BLB&G Files Securities Class Action Against Medtronic on Behalf of Minneapolis Firefighters
December 10, 2008
BLB&G filed a class action lawsuit in the United States District Court for the District of Minnesota on behalf of its client Minneapolis Firefighters’ Relief Association (“Minneapolis Firefighters”) and similarly situated investors in the securities of Medtronic, Inc. (“Medtronic” or the “Company”) during the period from November 19, 2007 through November 17, 2008 (the “Class Period”).
The Complaint alleges that during the Class Period, Medtronic, its Chief Executive Officer William A. Hawkins, III (“Hawkins”) and Chief Financial Officer Gary Elliss (“Elliss”) violated the federal securities laws by issuing false and misleading press releases, financial statements, filings with the Securities and Exchange Commission and statements during investor conference calls. The Complaint alleges that, throughout the Class Period, Medtronic—a medical device manufacturer—made repeated false statements to the investing public concerning one of its flagship products, the INFUSE Bone Graft (“INFUSE”), representing to investors that it was a valuable and reliable source of revenues for the Company.

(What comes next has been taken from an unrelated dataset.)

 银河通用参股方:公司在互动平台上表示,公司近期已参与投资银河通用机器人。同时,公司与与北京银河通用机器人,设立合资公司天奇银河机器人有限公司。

Specifically, Defendants’ statements and their portrayal of INFUSE, a surgically-implanted medical device containing a genetically engineered protein designed to stimulate bone growth, were materially false and misleading because Defendants concealed and failed to disclose material facts known to or recklessly ignored by them about INFUSE that were necessary to make their otherwise positive statements about the product and the Company’s financial condition accurate, truthful, and not misleading to investors. In particular, Defendants did not disclose the extent to which revenues from sales of INFUSE were dependent on applications of the product not approved by the United States Food and Drug Administration (“FDA”), or so-called “off-label” uses; did not disclose that a significant and increasing number of patients subjected to such off-label uses of INFUSE were suffering severe medical complications; and hid the fact that the extensive off-label usage of INFUSE was the result of an unlawful campaign by Defendants to market and encourage off-label use of the product.

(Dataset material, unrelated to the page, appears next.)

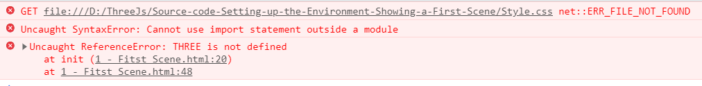 我已经从它的官方站点下载了three.js,我尝试运行非常基本的文件,我遇到了奇怪的错误,但是当我用CDN替换three.js文件导入时,它就开始工作了。请帮助我从本地启动文件。

Defendants’ false and misleading statements concerning INFUSE and the Company’s financial condition artificially inflated the price of the Company’s publicly traded securities during the Class Period. Revelations concerning Defendants’ false and misleading statements during the Class Period caused significant losses to investors as the prices of the Company’s securities experienced severe declines as a direct result of these revelations, with the Company’s stock price closing the day after the end of the Class Period at $31.20 per share, down from a Class Period high of $55.65 per share.
The Complaint alleges that the Defendants violated Section 10(b) of the Securities Exchange Act of 1934 (the “Exchange Act”) and Rule 10b-5 promulgated thereunder and that Defendants Hawkins and Elliss violated Section 20(a) of the Exchange Act.